The major conclusion I draw from this paper is that objects, scales, abstractions are all the same in that they are all emergent through and as transformations. And these transformations themselves are comparisons.

So now let’s turn to my number as a participant-comparison. To begin this number is specific and located – it is the number that participated in the workshop Maths as a Cultural Practice. But it is not ‘there’ as in back in 2007 in the seminar room School of Australian Indigenous Knowledge Systems. Rather, that time and place was part of the event of the emergence of this number, but this writing is also part of the event. Lactic yeast was the participant-comparison for Pasteur just as it was for Latour also. For both of them paying attention to this comparison they were able to described what held together and what did not. Pasteur and the bath of lactic acid was the event for the emergence of lactic yeast, which again emerged slightly differently for Latour when Whitehead participated.
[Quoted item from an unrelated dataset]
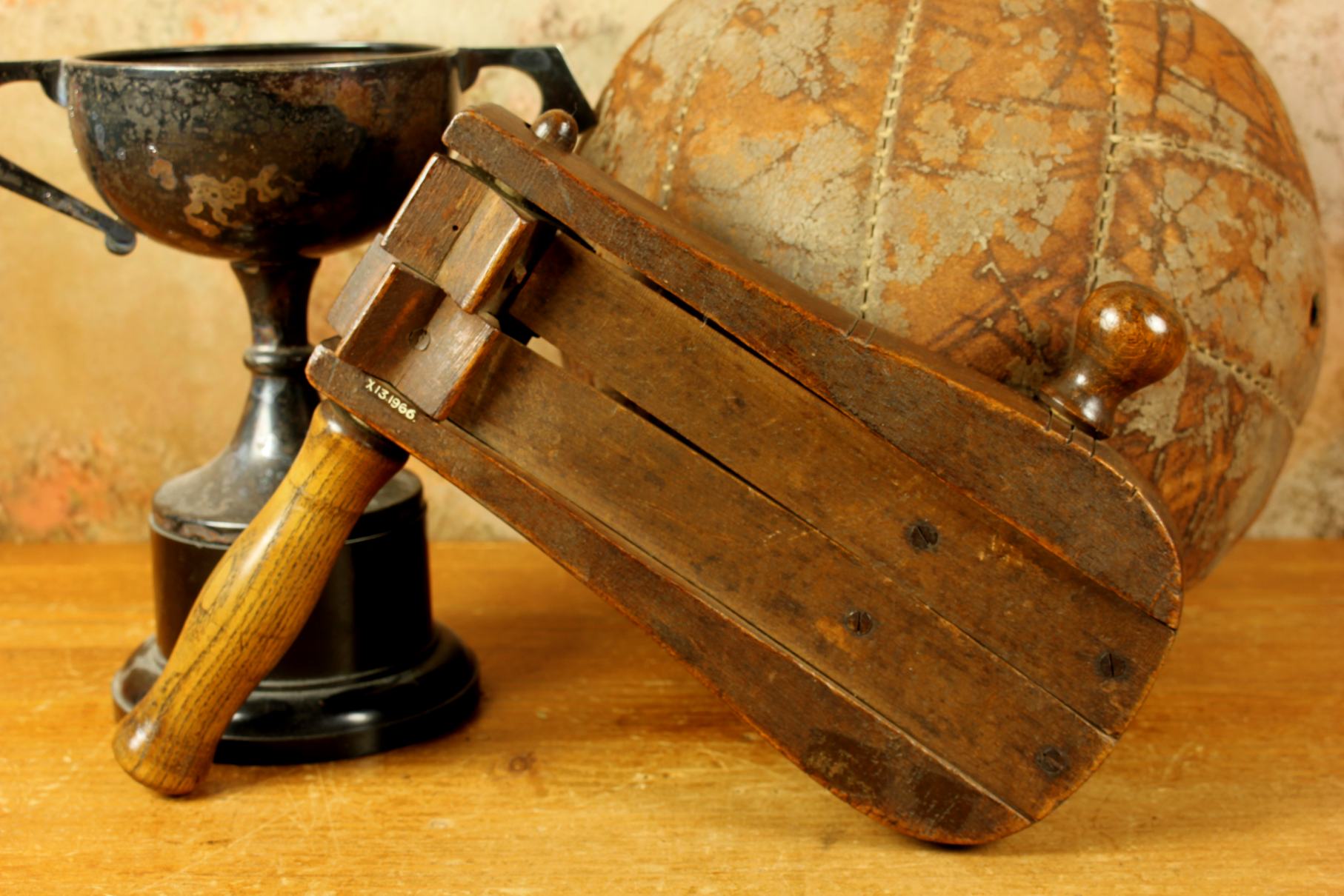 This Victorian wooden football rattle which has an extra loud double clacker is in full original working order and is marked with a museum type number so would most probably have been a museum show piece in the past.

Lactic acid was the participant-comparison that together with Latour brought Whitehead to the bath and Pasture to philosophy. And so, my participant-comparison is also what brings me to this workshop and the workshop to philosophy.

This participant-comparison is a matter of concern. The central concern is can Western knowledge and Indigenous knowledge find ways of living together in the educational institutions in North East Arnhem Land? As participant-comparison number is an active entity in the problem, holding both the potential for making comparisons but also rejecting comparisons. As a participant-comparison number may also be accepted or rejected. The point is, in a workshop involving people from very different knowledge traditions, number participates not as the answer, not as what is to be achieved or not, but as a participant in the very problem of what this comparative work is doing.

  • Holbraad, M. & Pedersen, M.A., (2009) ‘Planet M: The intense abstraction of Marilyn Strathern’ Anthropological Theory, 9(4), 371-394.